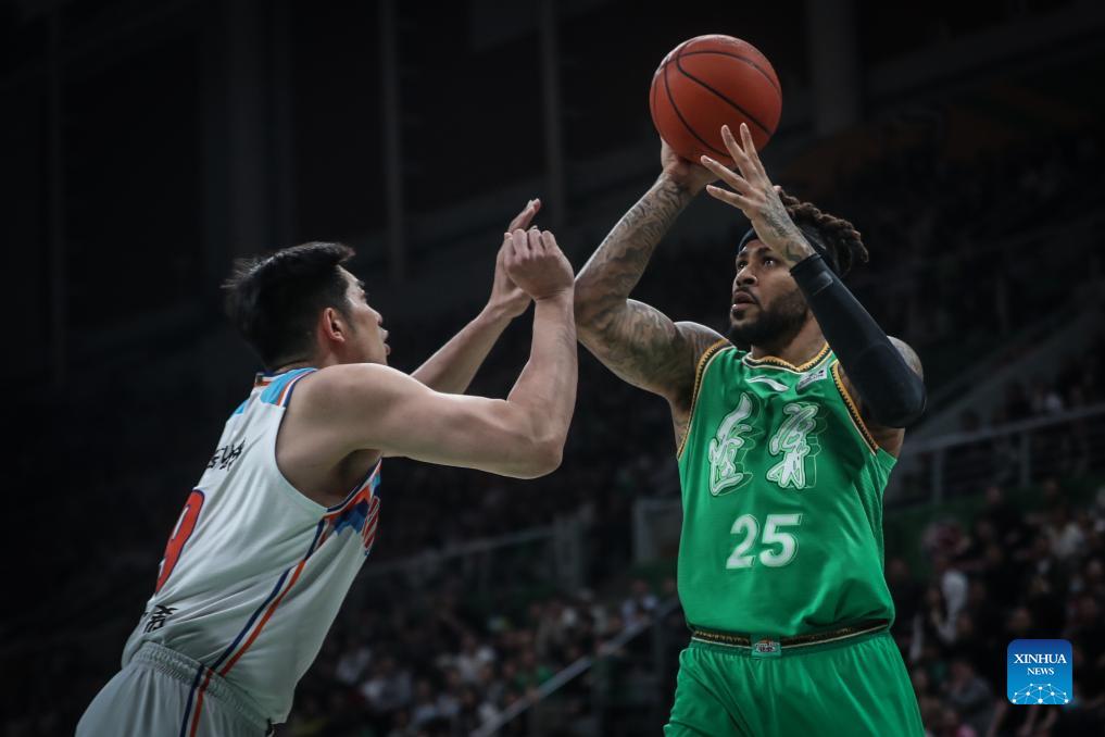 Eric Moreland (R) of Liaoning Flying Leopards shoots during the 48th round match between Xinjiang Flying Tigers and Liaoning Flying Leopards at 2023-2024 season of the Chinese Basketball Association (CBA) league in Shenyang, northeast China's Liaoning Province, March 26, 2024. (Xinhua/Pan Yulong)
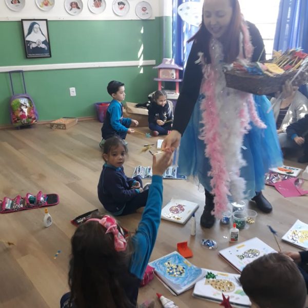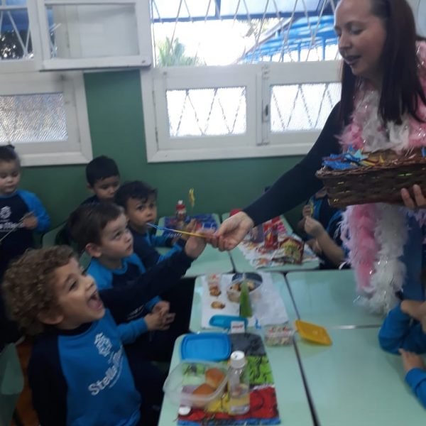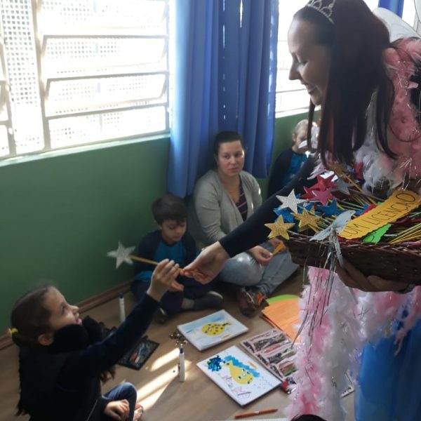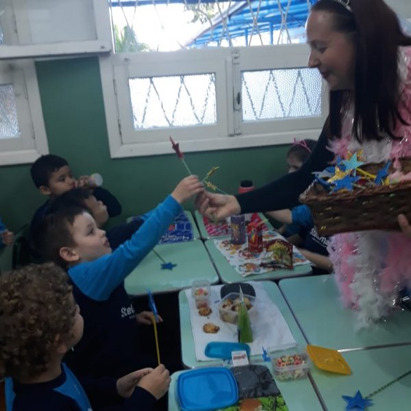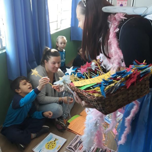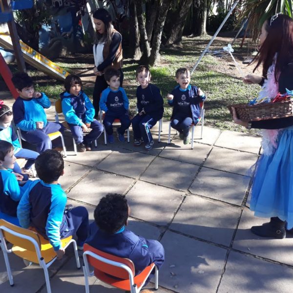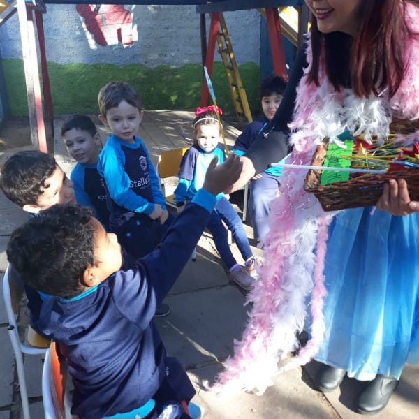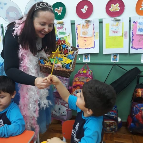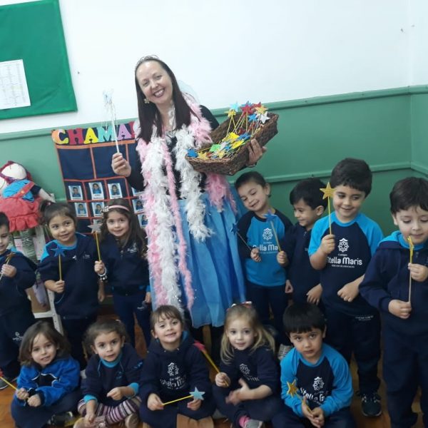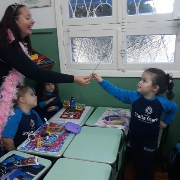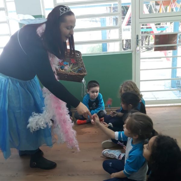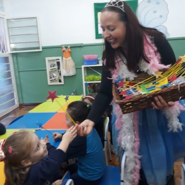 As turmas de Educação Infantil receberam uma visita muito especial, lá do Reino Encantado: a Rainha das Fadas! Ela veio com uma missão muito especial: espalhar as palavras mágicas por todas as turmas. Cada turma recebeu a tarefa de descobrir como e quando devem usar cada palavra recebida. Após, as crianças ganharam varinhas mágicas para guardarem este momento no coração.
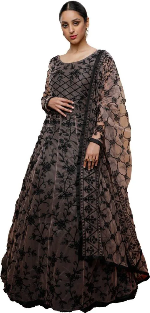 Vaani Creation Women Black and Beige Embroidered Net Anarkali Gown Dress - Free Size

-=-=-=-=-

Text only, please: give the listing again word for word with no images.

 Eric Moreland (R) of Liaoning Flying Leopards shoots during the 48th round match between Xinjiang Flying Tigers and Liaoning Flying Leopards at 2023-2024 season of the Chinese Basketball Association (CBA) league in Shenyang, northeast China's Liaoning Province, March 26, 2024. (Xinhua/Pan Yulong)
 As turmas de Educação Infantil receberam uma visita muito especial, lá do Reino Encantado: a Rainha das Fadas! Ela veio com uma missão muito especial: espalhar as palavras mágicas por todas as turmas. Cada turma recebeu a tarefa de descobrir como e quando devem usar cada palavra recebida. Após, as crianças ganharam varinhas mágicas para guardarem este momento no coração.
 Vaani Creation Women Black and Beige Embroidered Net Anarkali Gown Dress - Free Size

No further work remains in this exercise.